## Capacitor Integration Guide (React/Vite → iOS/Android)

This guide is for teams shipping a Capacitor app (WKWebView) who want to integrate the `onairos` npm SDK with **minimal changes**.

### What you get

- **Same UI as mobile web** (SDK modal + onboarding + data request).
- **Works with dynamic import** (`await import('onairos')`) on iOS WKWebView.
- **OAuth connectors**: mobile-friendly redirect flows; Google-backed connectors use secure browser when available.

---

## 1) Install

```bash
npm install onairos
```

---

## 2) Vite config (recommended)

In your host app’s `vite.config.ts`, exclude `onairos` from dependency pre-bundling:

```ts
import { defineConfig } from 'vite';
import react from '@vitejs/plugin-react';

export default defineConfig({
  plugins: [react()],
  optimizeDeps: {
    exclude: ['onairos'],
  },
});
```

---

## 3) Add the SDK (single-line integration)

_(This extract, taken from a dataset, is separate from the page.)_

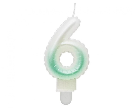 Świeczka cyferka 6, ombre, perłowa biało-zielona, 7 cm

Render the button anywhere in your app:

```jsx
import { OnairosButton } from 'onairos';

export default function SettingsScreen() {
  return (
    <OnairosButton
      webpageName="My App"
      requestData={['email', 'profile', 'social']}
      onComplete={(result) => {
        // result.approved
        // result.apiResponse (when autoFetch is enabled)
        console.log(result);
      }}
    />
  );
}
```

### API key + base URL (recommended)

If you want to provide an API key / base URL without wiring env vars, set globals once before rendering:

```js
window.onairosApiKey = 'ona_...';
window.onairosBaseUrl = 'https://api2.onairos.uk'; // optional
```

---

## 4) Capacitor config (best experience)

The SDK will run without special config for many flows, but these settings make OAuth navigation far more reliable.

### `capacitor.config.*`

- **Recommended**: run iOS WebView as `https://localhost` (helps with OAuth and embedded widgets).
- **Recommended**: allow navigation to Onairos + OAuth domains so redirects stay in-app where appropriate.

Example:

```json
{
  "appId": "com.yourapp.id",
  "appName": "Your App",
  "webDir": "dist",
  "server": {
    "hostname": "localhost",
    "iosScheme": "https",
    "allowNavigation": [
      "*.onairos.uk",
      "onairos.uk",
      "accounts.google.com",
      "*.google.com",
      "*.twitter.com",
      "*.linkedin.com",
      "*.reddit.com"
    ]
  }
}
```

### Capacitor plugins (OAuth)

- **Recommended**: install the Browser plugin for Google-backed OAuth (YouTube/Gmail).
  - Google often blocks embedded WKWebView with `disallowed_useragent`; a secure browser is required.

```bash
npm install @capacitor/browser
npx cap sync
```

> Note: the SDK will still attempt to fall back gracefully if the plugin isn’t available, but Google-backed flows may be blocked by policy in embedded webviews.

---

## 5) Build & run on device

```bash
npm run build
npx cap sync ios
npx cap open ios
```

In Xcode, select your iPhone and Run.

---

## 6) Troubleshooting

### “import('onairos') crashes on iOS”

- Ensure you’re on a recent `onairos` version (5.2.x+ contains WKWebView import-time fixes).
- Ensure the host app isn’t polyfilling/rewriting globals that WKWebView doesn’t support.

### “OAuth returns but the modal closes / doesn’t reopen”

- Ensure your app isn’t stripping query params from `capacitor://localhost` navigations.
- If you have a router, make sure it doesn’t hard-reset to a “home screen” on every reload.
- The SDK uses localStorage/sessionStorage flags to reopen the modal after OAuth redirects.

### “Google button doesn’t show in Capacitor”

- Some iOS WKWebView origins (especially `capacitor://localhost`) don’t reliably support the embedded Google widget.